══ Entries supplied
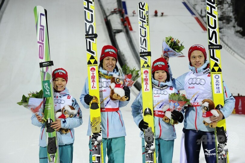 【2月23日 AFP】ノルディックスキー世界選手権(Nordic World Ski Championships 2015)は22日、スウェーデンのファールン(Falun)でジャンプ混合団体が行われ、日本は銅メダルを獲得した。
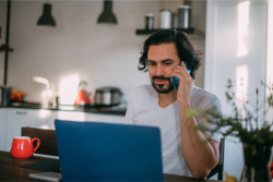 Eine junge Frau telefoniert mit ihrem Smartphone, während sie einen Tablet-PC hält
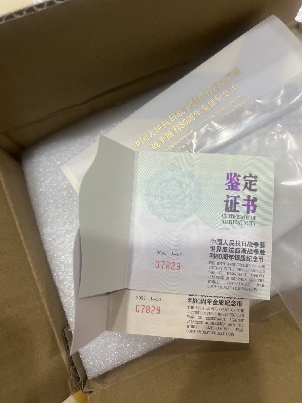 → 8700出抗战80周年金银07829
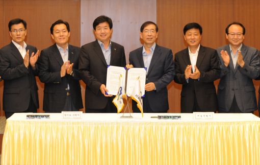 수원시와 서울시는 16일 서울시청 대회의실에서 박원순 서울시장, 염태영 수원시장이 참석한 가운데 '수원시와 서울시의 공동체적 상생발전을 위한 우호교류 협약 체결식'(사진)을 가졌다.
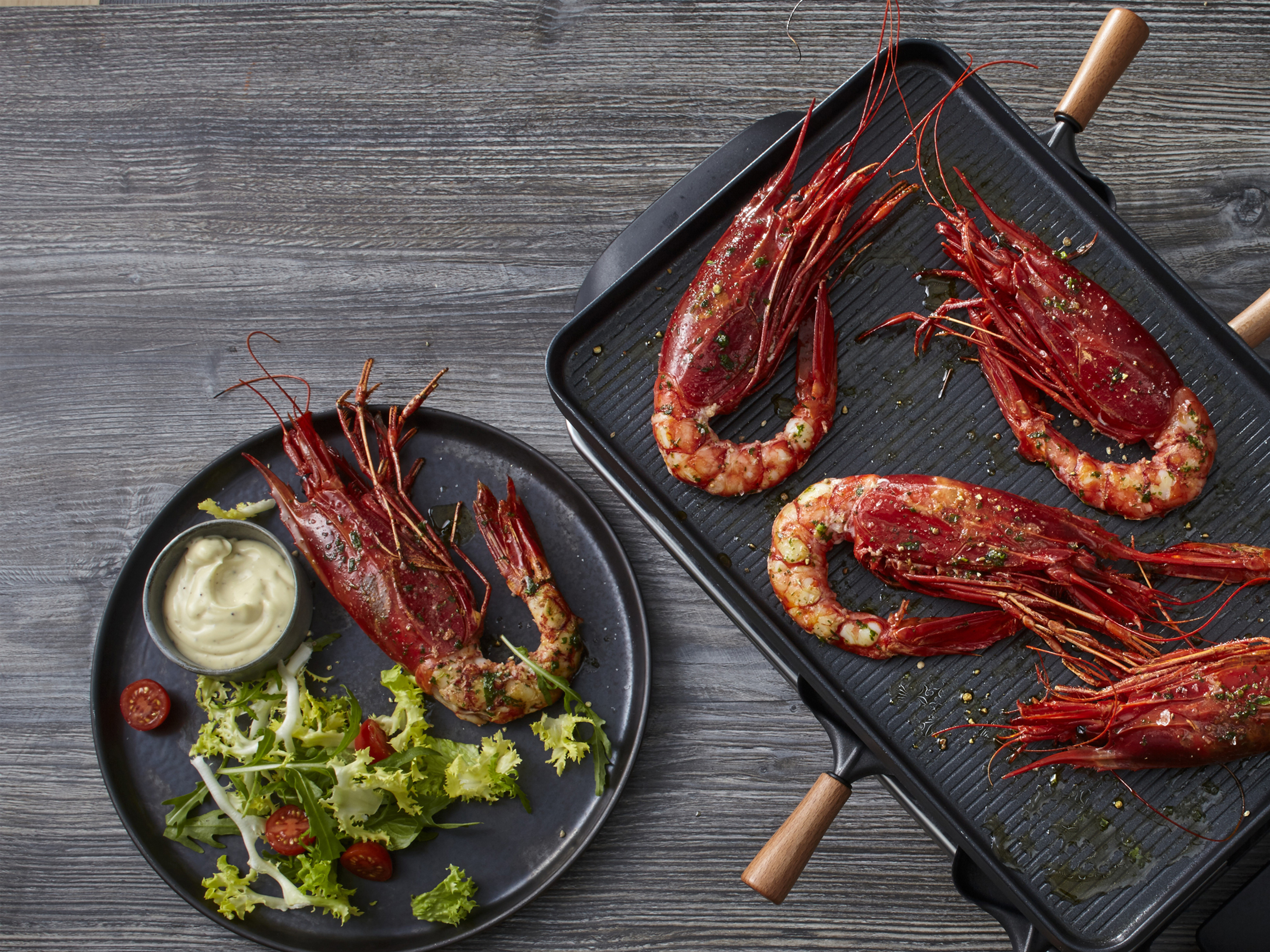 Olivenöl auf die Grillplatte des Raclettes geben und die Gambas für etwa 4 Minuten je Seite grillen. Dazu Trüffel Aioli anbieten.
════
Only the lines from the one containing "수원시와 서울시는 16일" through the last line of the entries above, both included, belong in the answer, written out exactly; pictures do not.

• _Task result_:
 수원시와 서울시는 16일 서울시청 대회의실에서 박원순 서울시장, 염태영 수원시장이 참석한 가운데 '수원시와 서울시의 공동체적 상생발전을 위한 우호교류 협약 체결식'(사진)을 가졌다.
 Olivenöl auf die Grillplatte des Raclettes geben und die Gambas für etwa 4 Minuten je Seite grillen. Dazu Trüffel Aioli anbieten.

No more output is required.